- WHAT NEEDS TO BE DONE
Look below for the line with "Instructions for the" and the line with "Love You Valentine's"; repeat exactly those two lines and all lines between them, but no pictures.

- INPUT RECORDS
= Beginning of Section =
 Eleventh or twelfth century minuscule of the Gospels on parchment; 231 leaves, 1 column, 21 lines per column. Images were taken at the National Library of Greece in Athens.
= End of Section =
= Beginning of Section =
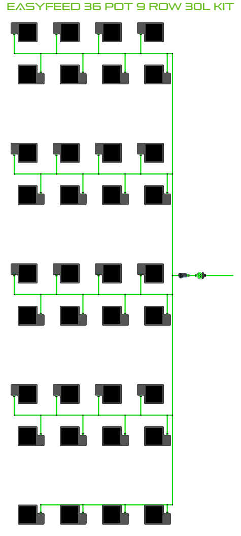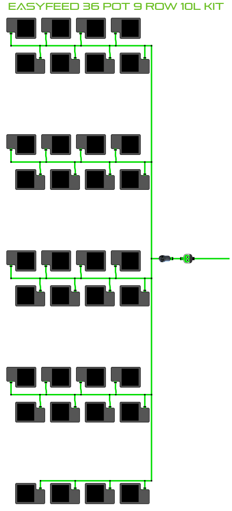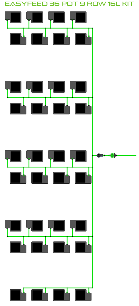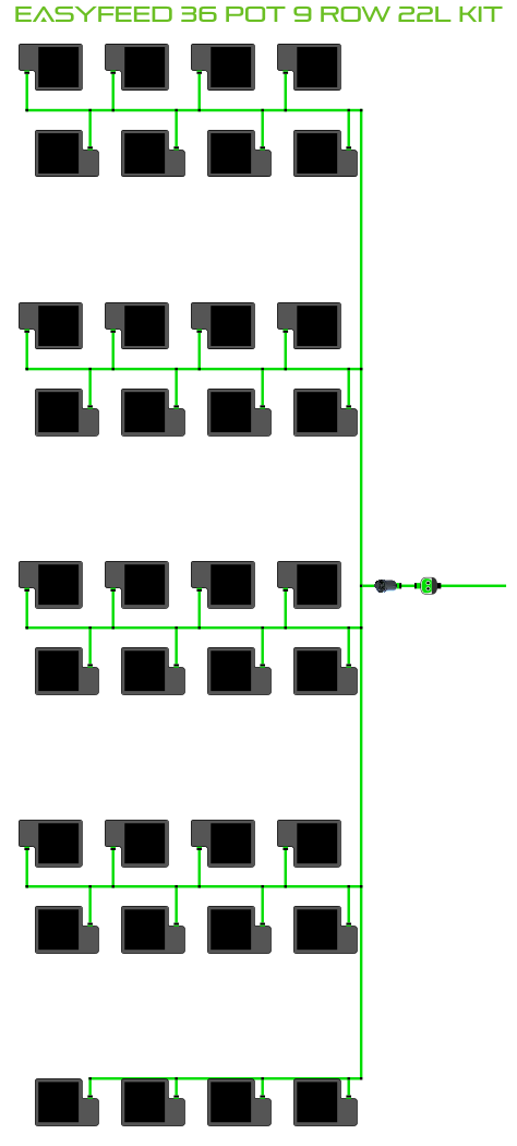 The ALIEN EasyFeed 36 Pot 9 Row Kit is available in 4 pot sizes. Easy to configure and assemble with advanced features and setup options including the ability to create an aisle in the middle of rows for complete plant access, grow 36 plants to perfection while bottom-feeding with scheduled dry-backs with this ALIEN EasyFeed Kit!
= End of Section =
= Beginning of Section =
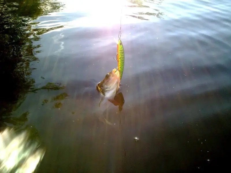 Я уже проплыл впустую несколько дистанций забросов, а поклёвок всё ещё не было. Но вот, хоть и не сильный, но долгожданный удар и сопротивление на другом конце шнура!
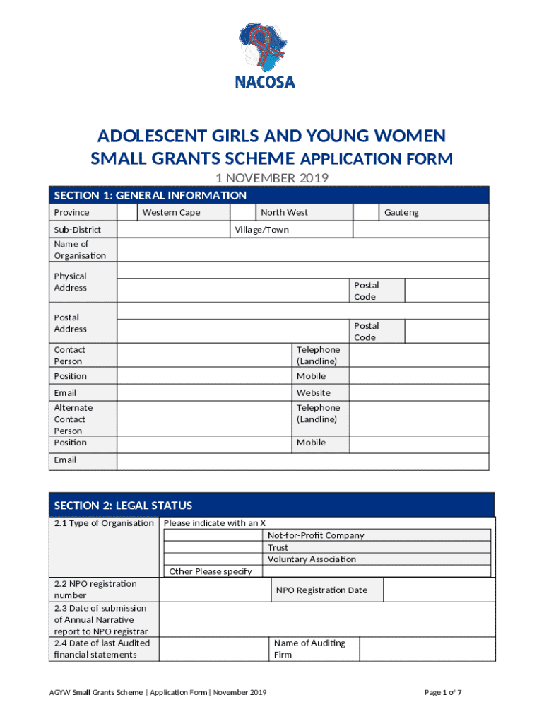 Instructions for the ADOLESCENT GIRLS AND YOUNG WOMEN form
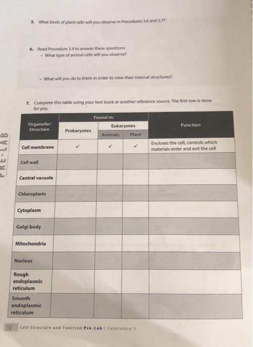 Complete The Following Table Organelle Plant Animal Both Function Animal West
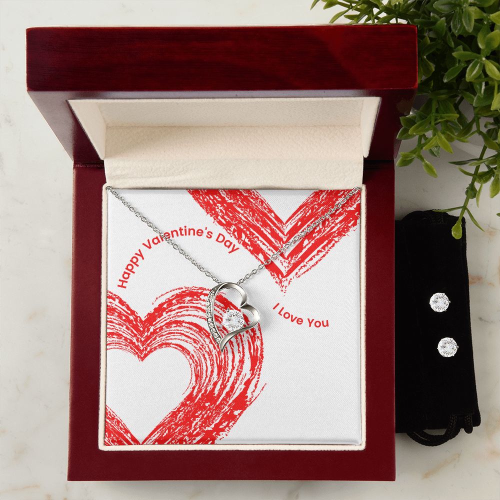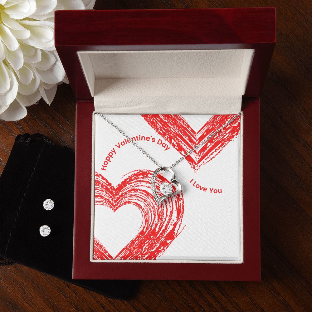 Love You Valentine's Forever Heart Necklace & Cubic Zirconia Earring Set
= End of Section =
- TASK SOLUTION
 Instructions for the ADOLESCENT GIRLS AND YOUNG WOMEN form
 Complete The Following Table Organelle Plant Animal Both Function Animal West
 Love You Valentine's Forever Heart Necklace & Cubic Zirconia Earring Set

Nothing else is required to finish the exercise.